Codeforces Round #835 (Div. 4) F. Quests

Codeforces Round #835 (Div. 4) F. Quests

Let’s fix $k$ and find the maximum number of coins we can get. Here we can do a greedy solution: at every step, we should always take the most rewarding quest. (Intuitively, it makes sense, since doing more rewarding quests earlier allows us to do them again later.) If no quests are available, we do nothing.

To implement this, sort the quests in decreasing order, and $0$-index them. On day $i$ we should do quest $i$ $mod$ $k$, provided that this value is less than $n$. This is because after every $k$ days, we cycle back to the first quest. Thus we solved the problem for a fixed $k$ in $O(d)$ with $O(nlogn)$ precomputation to sort the array.
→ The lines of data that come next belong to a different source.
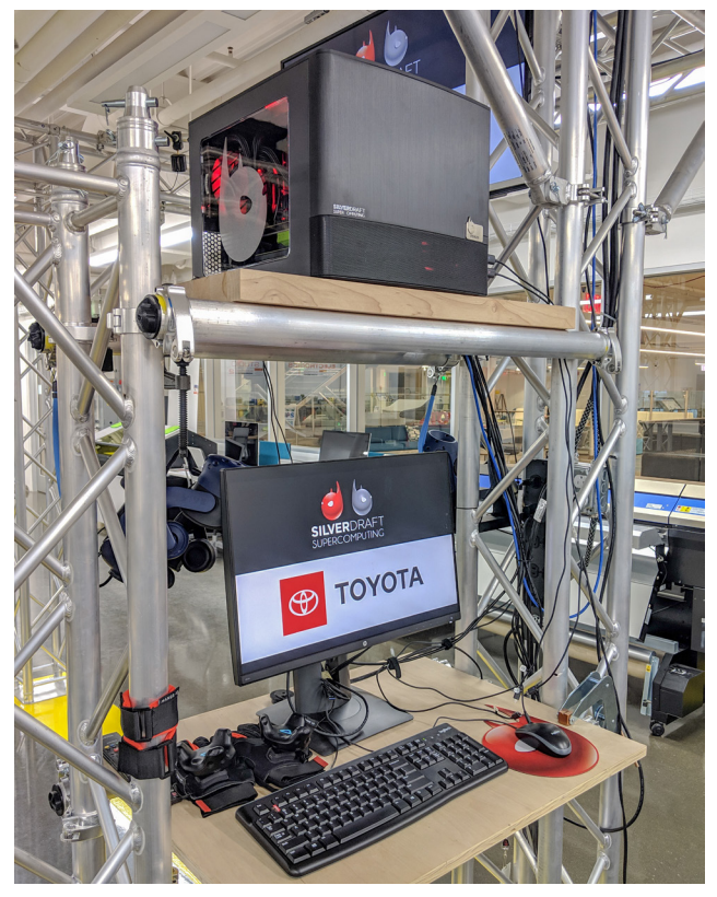
Toyota's DemonVR system with two RTX 6000 GPUs

THANKS TO NVIDIA PROFESSIONAL GRAPHICS AND SILVERDRAFT WORKSTATION
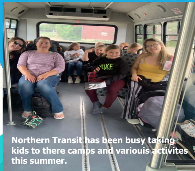
Northern Transit has been busy taking kids to there camps and various activites this summer.

As always you can call and make those reservations 406-470-0727 or email ntienjoytheride@gmail.com
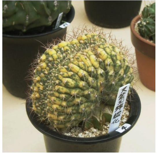
G. pflanzii v. albipulpa varieg.(天紫錦)
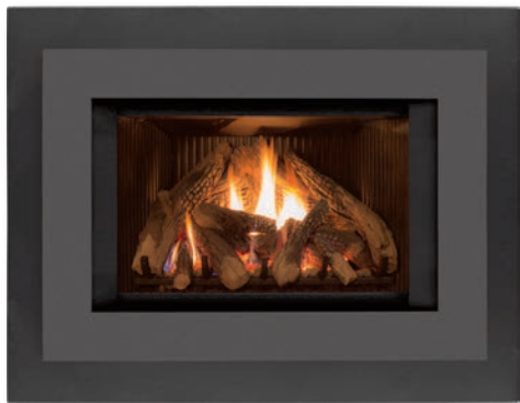
BORDERVIEW PLUS 4S

Available for the E20 & E30 Powder Coated Grey
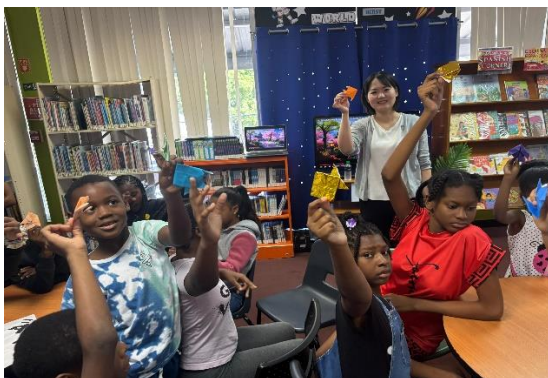
Children show off their origami creations

Now to solve the problem, we can binary search on the answer, since if some $k$ works, then all smaller $k$ work. The minimum value of $k$ is $0$, and the maximum value is n (for larger $k$, we won’t be able to do the same quest multiple times anyways, so it’s useless to consider them).

If we find that $k$ always goes towards the smaller end of our binary search and $k=0$ still fails, we output $Impossible$. If we find that $k$ always goes towards the larger end of our binary search and $k=n$ still fails, we output $Infinity$. Otherwise, just output $k$.

The overall time complexity is $O(nlogn+dlogn)$.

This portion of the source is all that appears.